A Knight's Tale (2001)Rated PG-13 for action violence, some nudity and brief sex-related dialogue.
Starring Heath Ledger, Rufus Sewell, Mark Addy, Laura Fraser, Paul Bettany.
Photo ©Columbia Tristar. All rights reserved.
Why Let the Fun Fizzle Out?
It actually started off pretty well. I like it when a movie says, "Let's get something straight here, right off the bat." In this case, A Knight's Tale happily proclaimed that it was going to ignore anachronisms. Even better, it was going to exploit them as atmosphere. In this case, the main anachronisms featured were the portrayal of jousting as a sporting event comparable to today's hockey games and wrestling matches, complete with food vendors and the audience doing the wave; and the usage of pre-dominantly '70's rock music as background. Right away we knew this wasn't going to be serious; heck, if we bought into it, it might even be a lot of fun, with some jousting matches to cheer for and some modern-day sensibilities set in a time period, i.e. the 14th century medieval times, that could be cheerfully turned on its head with such an attitude infusion.
And then it got serious anyway. Worse than that, it got serious and corny.
The story is about a trio of squires whose knightly liege has just bought the farm and is now unable to compete in jousting tournaments. In need of the money that the prizes can bring them, the leader of the trio, William Thatcher (Heath Ledger), decides to train for jousting and disguise himself as a knight in order to compete in the tourney. His co-squires, level-headed Roland (Mark Addy) and rash Wat (Alan Tudyk), are at first reluctant but then fully support their brother-now-in-arms. Along the way to their first tournament, they run into a vagabond who just happens to be Geoffrey Chaucer (Paul Bettany), he of eventual "Canterbury Tales" fame.
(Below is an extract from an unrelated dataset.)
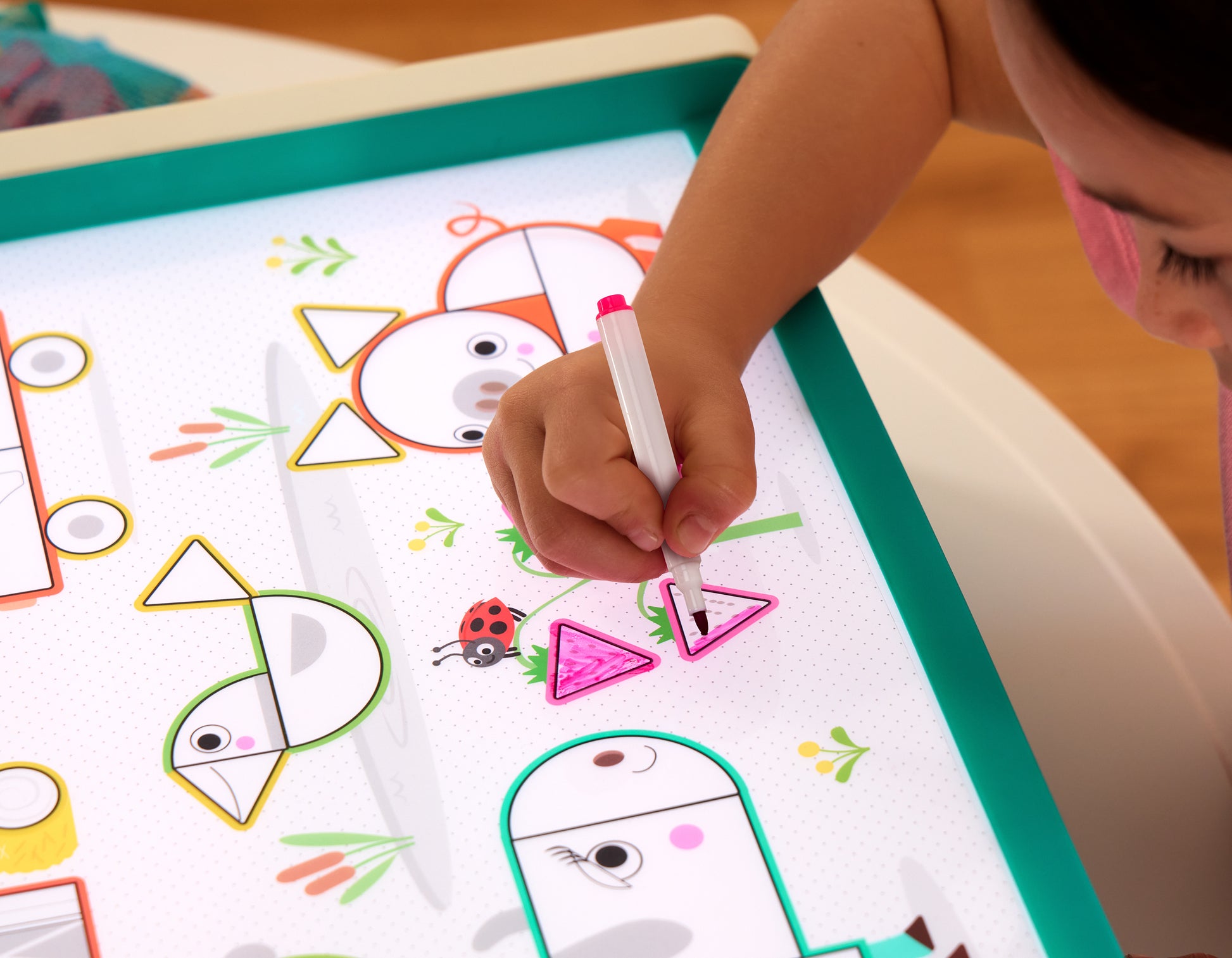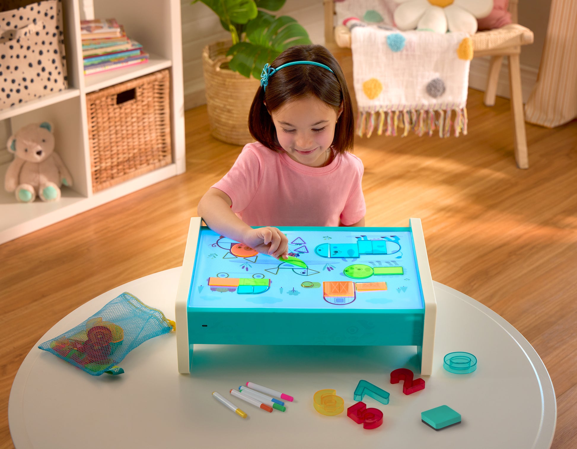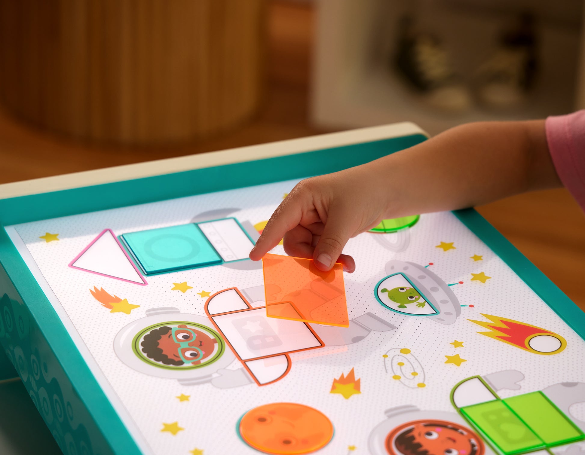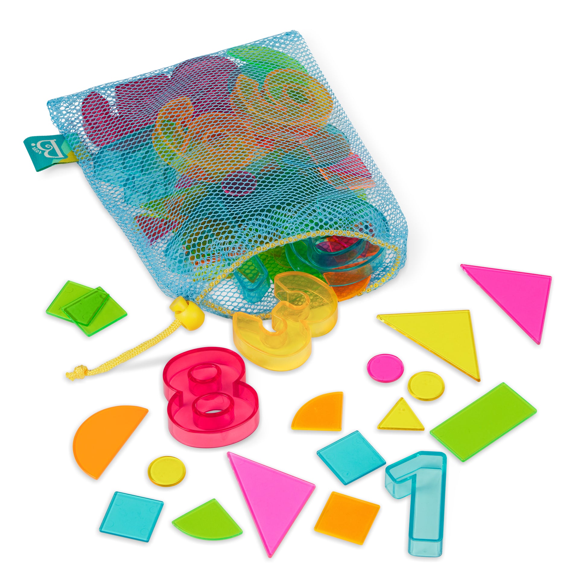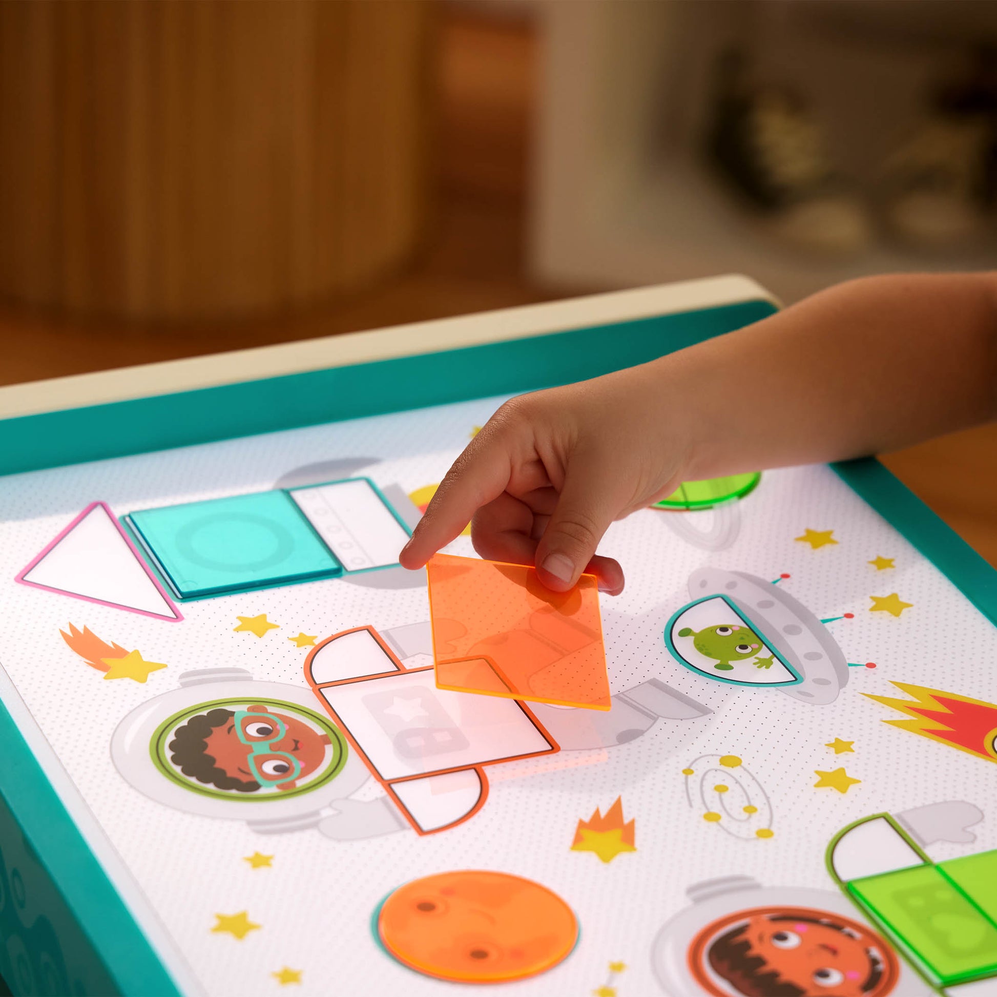 Light up and add color to learning with the Look & Shine lightbox playset from B. toys! Make playtime shine with this educational lightbox, featuring loads of hands-on and screen-free playtime opportunities. Kids can explore 50 translucent shapes and 10 numbers on the glowing surface of the lightbox, but the magic really happens with the 3 transparency sheets! Match, trace, and create over and over again, thanks to the included dry-erase markers — and then transform everything with the lightbox’s 5 different colors! As kids play, they’ll be practicing counting, pattern recognition, and exercising their fine motor skills and creativity. This engaging playset can be powered by USB-C (cable not included) for endless fun, or even keep shinin’ on the go thanks to battery power (6 x AA batteries are required, not included). Recommended for children 3 years old and over.

Thus, the silly nature of the story continues as Chaucer is presented as a gambling addict who often loses his clothes, yet is skilled in words, able in forging patents of nobility, and dead-on as a ring announcer giving rousing introductions for William. William takes the pseudonym "Sir Ulrich von Lichtenstein," and soon the gang of misfits are reveling as William's skill wins him mathces in tourney after tourney.
Before the whole thing's over, William will have gained one more misfit follower (Laura Fraser), a love interest (Shannyn Sossamon), and an arch enemy (Rufus Sewell). It all looks like the perfect set-up for a rousing medieval sports movie. Unfortunately, it decides, one-by-one, to introduce and carry-out every cliched situation in the land of movies.
First there's the love interest, and that one side plot would've been enough on its own. Here, Sossamon's noble's daughter Jocelyn looks and acts like she was plucked from a 20th century mall and isn't very endearing as a love interest. That doesn't really matter; it's all just there for William and Jocelyn to go through the normal movie courtship rituals. This is entertaining enough, peppered with talk of poetry, flowers, and what one would do to prove one's love. There's even a dance number that is unabashed in its goofiness. It all would have fit in just fine with this goofy movie, corniness and all.
But then there's another sub-plot involving William and his longing to see his long-lost father, hoping to make daddy proud of the man he's become. And then the main bad guy, the incredibly condescending Count Adhemar, who established himself and then disappeared early on, suddenly re-appears to inject the movie with an overdone evil presence. After about an hour-and-a-half of the movie, by which time it could have ended satisfactorily, we are stuck with these subplots and we know exactly how they are going to end. And, somewhere along the way, the humorous atmosphere that made it fun to begin with has slowly fizzled away. The rock music comes back every so often and starts to sound disruptive, and there isn't any more of that 20th century sporting event feel. It gives way to some trite sentimental scenes and a lot of blatant audience manipulation. And the last scene just isn't enough to bring that missing fun back in to the story.
The story is overloaded with plot where it doesn't need any, and that's surprising because it's written (and directed) by Brian Helgeland. Helgeland did an incredible job of bringing together and compacting James Ellroy's novel, L.A. Confidential, in to a concise and well-paced script. A Knight's Tale could have used a similar treatment. Its latter acts detract from a movie that could have stood up for itself with its funny irreverance. It should have remained a spirited movie from start to finish. It is too bad that it doesn't.
A Knight's Tale seemed as if it could have been very bad, given its ad campaign flaunting Queen's sports stadium standard "We Will Rock You" as the backdrop for a jousting movie. It began by surprising me with how fun it actually was, and that was a good way to start. It's ultimately disappointing because it just gets more and more boring as it goes, sputtering to a finish. With a few cuts to the story here and there, it could have been the gleefully anachronistic medieval sports movie that it had the potential to be.